大工風の道

仮設住宅ってわけでもないけれど、
ま、しばらくここで様子みようっと。

浜岡原発の停止決定

2011年05月12日 | 不思議
 私が原子力発電に反対するのは、今回のように単に事故が起こったときの危険性だけを考えてではない。

 通常に運転されてるときにも日々作られる、どうしようもない廃棄物のことや、作業員の(医学的に立証されにくい)被曝などによる致命的な後遺症の疑い。その建設に絡んで動く大きな見えない力。明らかにされない本当の原子力発電にかかるコスト……。その他もろもろを含めて、そもそも根底から見直したほうがいいのじゃないのかな? と思うところ。

 さておき、世間では浜岡原発の停止についてなにやら騒がしい。
 個人的レベルでは「ああ、よかったよかった」と喜んでいたのだけど、まんざら手放しで喜んでいられないようだ。
 まず、「自動車産業を抱える中部圏内での経済への影響が……」。
 ううん、そりゃそうだろう。たしかに影響はあるだろう。でもそれは実は大手企業は前から予測しているに違いない。私ら零細工務店でさえ、節電対策やら工業製品に頼らずに家を建てる方法を模索し続けてきたのだから。世界をまたにかける企業家が、この震災の現実を受けてそこまで読まないはずはないとも思う。



 そのことについては、またあらためて書くとして、昨日、ふと気づいたこと。

 この停止決定までのプロセスで、なにやら違和感があったのだが、その違和感がなにかわかった。

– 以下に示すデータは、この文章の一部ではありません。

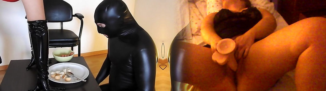 Dominatrix coercing her victim to slurp

 (3月11日までのことはどうしようもないのでとりあえず棚にあげるとして)もし、健全な社会であったら、本来中電側が「浜岡原発は一度安全に停止させて、対策を講じたい。再開するかどうかはそれからの話」とまず言うべきで、それを受けて「電気が足りるのか、節電を訴えるのか、値上げするのか、計画停電するのか」の見通しを発表し、消費者が「それを受け入れるのか、受け入れないのか」の判断をし、受け入れられるのならそれでよし、受け入れられないなら、国に直訴する……。
 という流れではなかろうか?
 それが企業としての責任感だろうと思う。
 原発推進、反対論議は別として。
(あえて小学生レベルの「道徳」の感覚です)

 しかし現実は、順番が違うのだ。
 それが、私の感じた違和感だったのだ。

 なんで首相が「停止要請」するまで、だれも止めようとしなかったのだろう。(一部の自治体の首長や一部の団体や個人は口をすっぱくしていたけれど)

 そしてでてきた言葉が「首相の言葉は重い」なのである。